In the mid 1800s, the corruption of the Victorian authority and unjust taxes placed on Gold miners lead to the “Eureka Stockade”. More than 10,000 diggers pledged themselves to work for full and fair representation in government. Although, their uprising was quashed in a bloody battle within 20 minutes, their spirit of struggle lives on. Muslims also have a spirit to fight injustice. It is called “Jihad” which literally means struggle and not terrorism. The news of the Eureka Stockade injustice spread throughout Victoria and pressured the British Aristocracy to change the political structure which gave the diggers voting rights. Australians’ reverence of the infamous Ned Kelly was mostly due to his willingness to stand up against the authority in his self-made armour (please note Islam would bring to account such highway robbers). The Aristocracy never regained their status as is evident by the level of respect Australians have for their politicians.
Even with this rich history that has contributed to Australia’s character, Australia is still trying to define itself. We want to be independent and free from control of foreign countries but the British flag dominates ours, Britain’s Queen is still our Queen and the day we call Australian Day is really the day British dropped their criminals on this land. Muslims can make a difference to this country and contribute to define Australia. I don’t mean making curry the national dish of Australia which the Bengalis have successfully done in England. What I mean is the character and values of this country. We have the most beautiful way of life which we can share.
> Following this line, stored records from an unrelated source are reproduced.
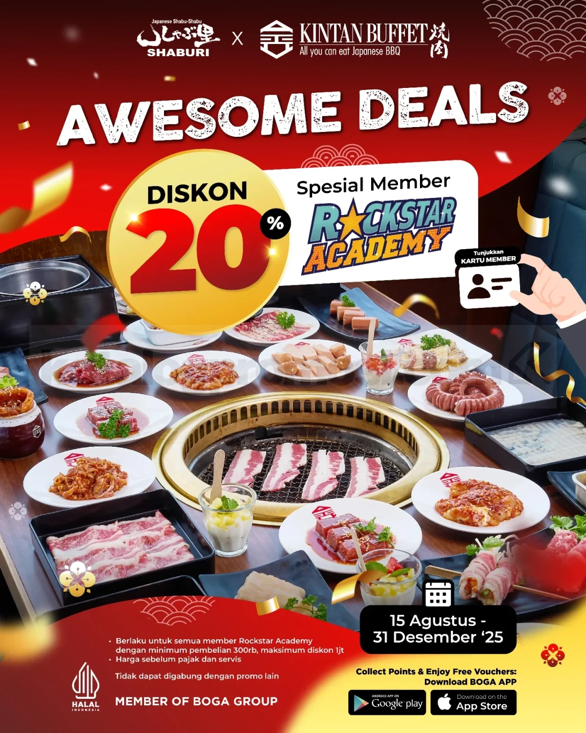 Promo Shaburi dan Kintan Buffet diskon 20% buat semua member Rockstar Academy. Berlaku di seluruh outlet mulai tanggal 15 Agustusβ31 Desember 2025 dengan minimum transaksi Rp300.000 dan potongan maksimal Rp1.000.000.
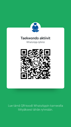 Iisalmen Taekwondo lomailee syyslomalla 13.10.-19.10., joten kalenterin mukaisia, ohjattuja harjoituksia ei ole syysloman aikana. Osa ohjaajista saattaa pitää satunnaisia harjoituksia ja niistä ilmoitetaan WhatsApp-ryhmässä, johon voit halutessasi liittyä alla olevan QR-koodin kautta.
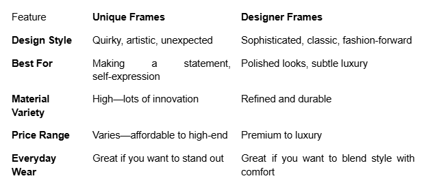 Who says you need to stick to just one look? Many people build a small eyewear wardrobe—maybe one unique pair for weekends and creative settings, and a designer pair for work or formal events. Some designer brands are even embracing experimental designs, so you might find a hybrid that checks both boxes.
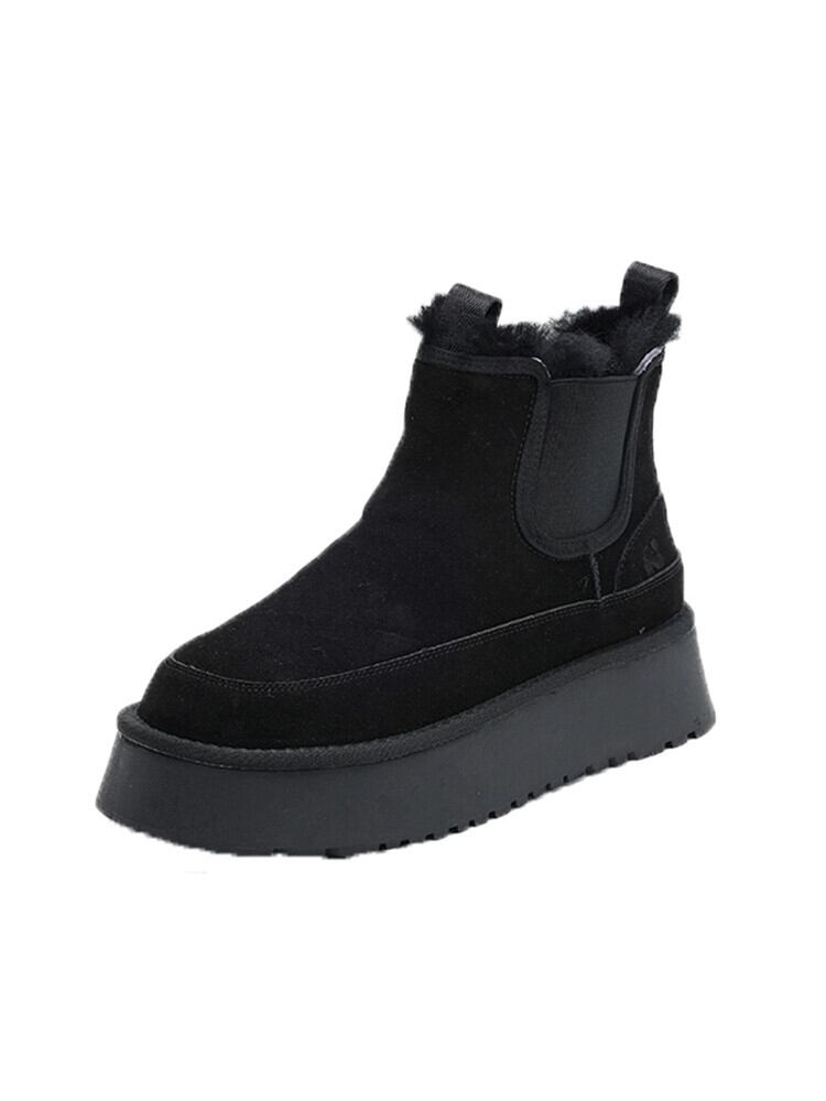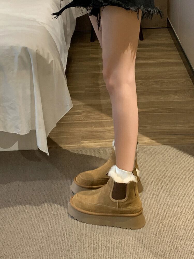 Jia Bufake スノーブーツ レディース 2024 春の新スタイル フレンチ スタイル レトロ プラス ベルベット 厚底 弾性 ショート ブーツ トレンディ 靴 シューズ エラスティック 伸縮 スプリング 春物 jxjxf12674031701
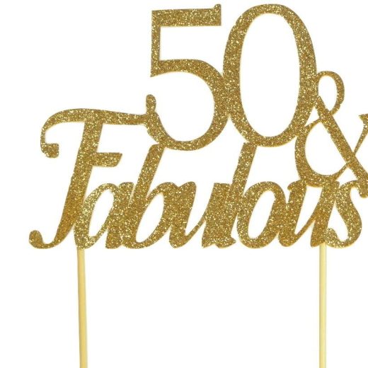 All About Details Gold 50-&-Fabulous Cake Topper, 6 x 8
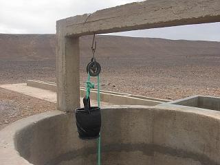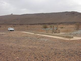 人の居住の気配のない中、ザゴラへに戻る途中の峠の近くにあった井戸。おそらく遊牧民用であろう。 A solitary well near the pass toward Zagora, probably for nomads |

That is Islam. The way of life that upholds justice and truth. The way of life that doesn’t allow someone to just sit on the couch and watch the world cup while someone is starving. The way of life that offers comfort to the growing number of Australians without purpose.
To all the Muslim youths, you have a role to play just like those early Australians that built the character of Australians. Let us change the perception of that person that placed that bumper sticker on his car. However, as an aside, if you’re that person driving that car I initially mentioned, you might be killing Australia through your V8 petrol guzzler emitting tones of harmful carbon emissions into Australia’s beautiful atmosphere whilst destroying the notion of free-spirit and tolerance.